# EXERCISE:
Skip every picture while you write out the records below, from the first line through the one that contains "Men's sleeveless MUSCLE", both ends kept.

# GIVEN ENTRIES:
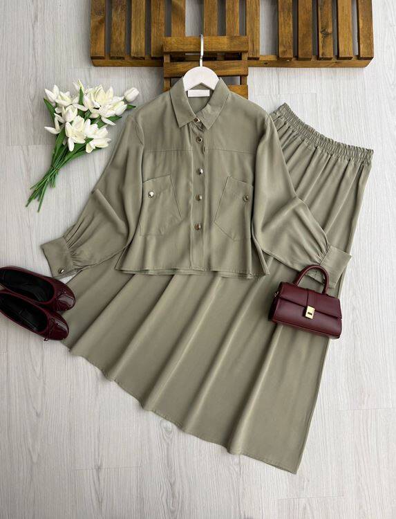 TULESY ÇAPRAZ CEPLİ TENSEL ETEKLİ TAKIM A3-4 1725-09-HAKİ
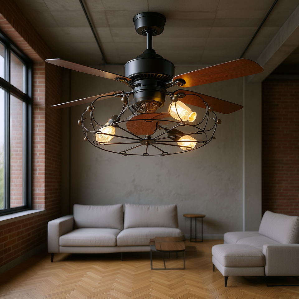 Ventilatore da Soffitto LED Industriale Moderno con Luci, Design a Gabbia a Basso Profilo, Telecomando, 3 Pale, Motore DC, Luce Calda
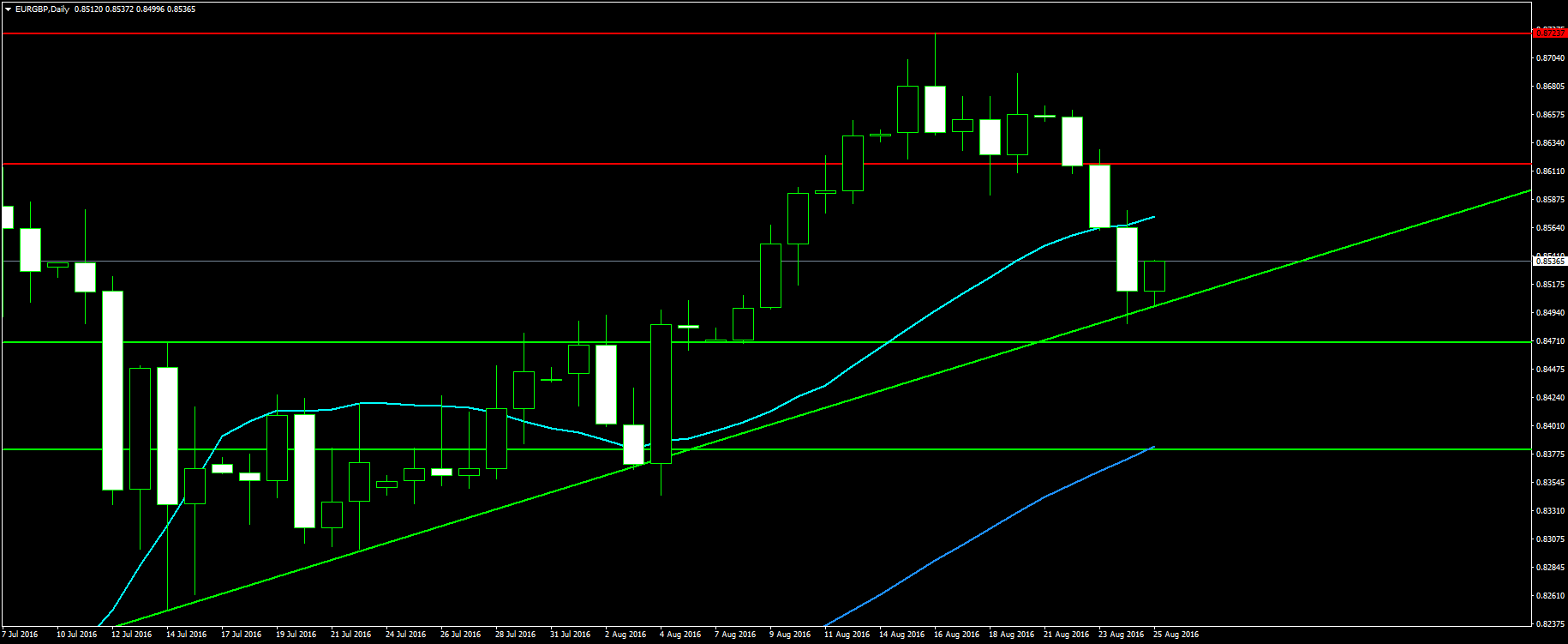 Come osservabile dal seguente grafico giornaliero, EUR/GBP ha testato con successo la trendline positiva che ne sostiene l’andamento da circa metà del mese di luglio:
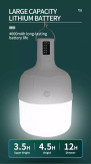 این لامپ شارژی آویزی به یک باتری داخلی لیتیومیون ۱۸۶۵۰ با ظرفیت بالای 4000 میلی آمپر ساعت مجهز است که قابلیت شارژ سریع از طریق پورت Micro USB را دارد. مدت زمان شارژ کامل حدود ۴ ساعت است و بسته به شدت نور، بین ۳ تا ۸ ساعت شارژدهی مداوم ارائه میدهد.
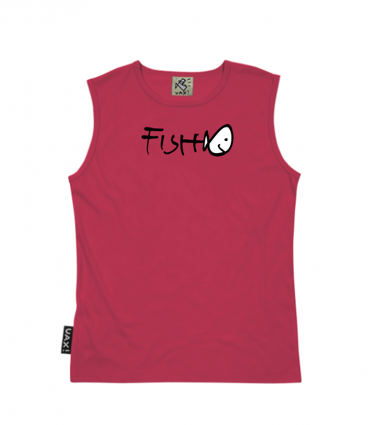 Men's sleeveless MUSCLE SHIRT for man with design 357 FISH in color CHILLY PEPPER RED
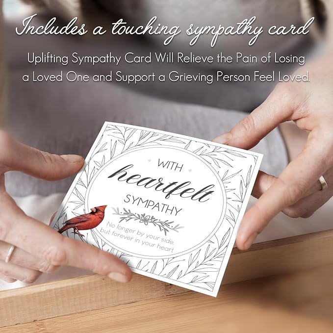 - Arrives in a gift box comes with beautifully designed gift card bearing a heartfelt message.Express the sympathy and give the fitting gift for anyone that needs a warm comforts and support who loss of mom, grandma, sister, wife, aunt or any female friend or family member.This is ideal bereavement keepsake,anniversary of Passing,remembrance gift,or memorial gift.
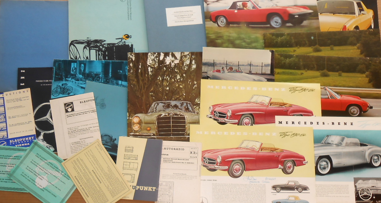 26 broc misc sheets – Mercedes Benz, BMW, Porsche non 356, 911, 912 items
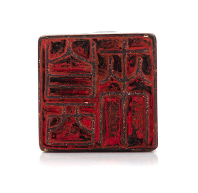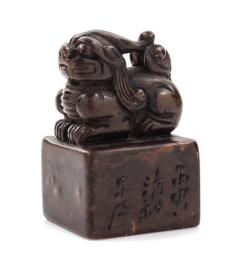 of square form, surmounted by a finial in the form of a seated mythical beast, tianlu, carved to one side reading bing yin qing mi han ? the seal face with three-characters reading zi xi lai.
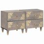 Este armario de noche moderno es la mezcla perfecta de estilo y función para tu dormitorio. Con un diseño minimalista, se integra perfectamente en cualquier interior mientras cumple su función de almacenamiento. Su diseño limpio, junto con esos pomos de latón tan vivos, no solo es atractivo, sino también súper práctico. Ideal para quienes buscan combinar sofisticación y utilidad, es el compañero perfecto para tu espacio personal. Madera maciza de mango: Este armario de noche está hecho con madera maciza de mango de calidad, que le da durabilidad y una construcción robusta. La madera de mango, con sus patrones de veta únicos, aporta un toque visual elegante a cualquier mueble. Es ideal para quienes buscan algo atractivo para su dormitorio. Frontal pintado a mano: Con un frontal pintado a mano, este armario tiene un carácter único. Este toque artesanal añade un encanto especial a tu decoración, haciendo que el armario sea un punto focal en la habitación. Perfecto para añadir creatividad y calidez a tu hogar. Pomos de latón y patas cónicas: Los elegantes pomos de latón complementan su diseño sofisticado. Las patas cónicas, también de latón, no solo le dan estabilidad, sino que también mejoran su estética moderna. Estos detalles refuerzan tanto la funcionalidad como el estilo del armario. Espacio de almacenamiento práctico: Este diseño ofrece suficiente espacio para guardar lo que necesites tener a mano junto a la cama. Ya sean libros, electrónica o cualquier accesorio, el armario está optimizado para darte acceso fácil sin perder en estilo, manteniendo el espacio ordenado y adecuado como mesita de noche. Cuidado y mantenimiento fáciles: Mantener este armario en buen estado es fácil: solo necesitas limpiarlo con un paño seco de vez en cuando para mantener su brillo. Con este diseño, es muy sencillo asegurarse de que sigue siendo una buena inversión para tu hogar.

# RESULT:
 TULESY ÇAPRAZ CEPLİ TENSEL ETEKLİ TAKIM A3-4 1725-09-HAKİ
 Ventilatore da Soffitto LED Industriale Moderno con Luci, Design a Gabbia a Basso Profilo, Telecomando, 3 Pale, Motore DC, Luce Calda
 Come osservabile dal seguente grafico giornaliero, EUR/GBP ha testato con successo la trendline positiva che ne sostiene l’andamento da circa metà del mese di luglio:
 این لامپ شارژی آویزی به یک باتری داخلی لیتیومیون ۱۸۶۵۰ با ظرفیت بالای 4000 میلی آمپر ساعت مجهز است که قابلیت شارژ سریع از طریق پورت Micro USB را دارد. مدت زمان شارژ کامل حدود ۴ ساعت است و بسته به شدت نور، بین ۳ تا ۸ ساعت شارژدهی مداوم ارائه میدهد.
 Men's sleeveless MUSCLE SHIRT for man with design 357 FISH in color CHILLY PEPPER RED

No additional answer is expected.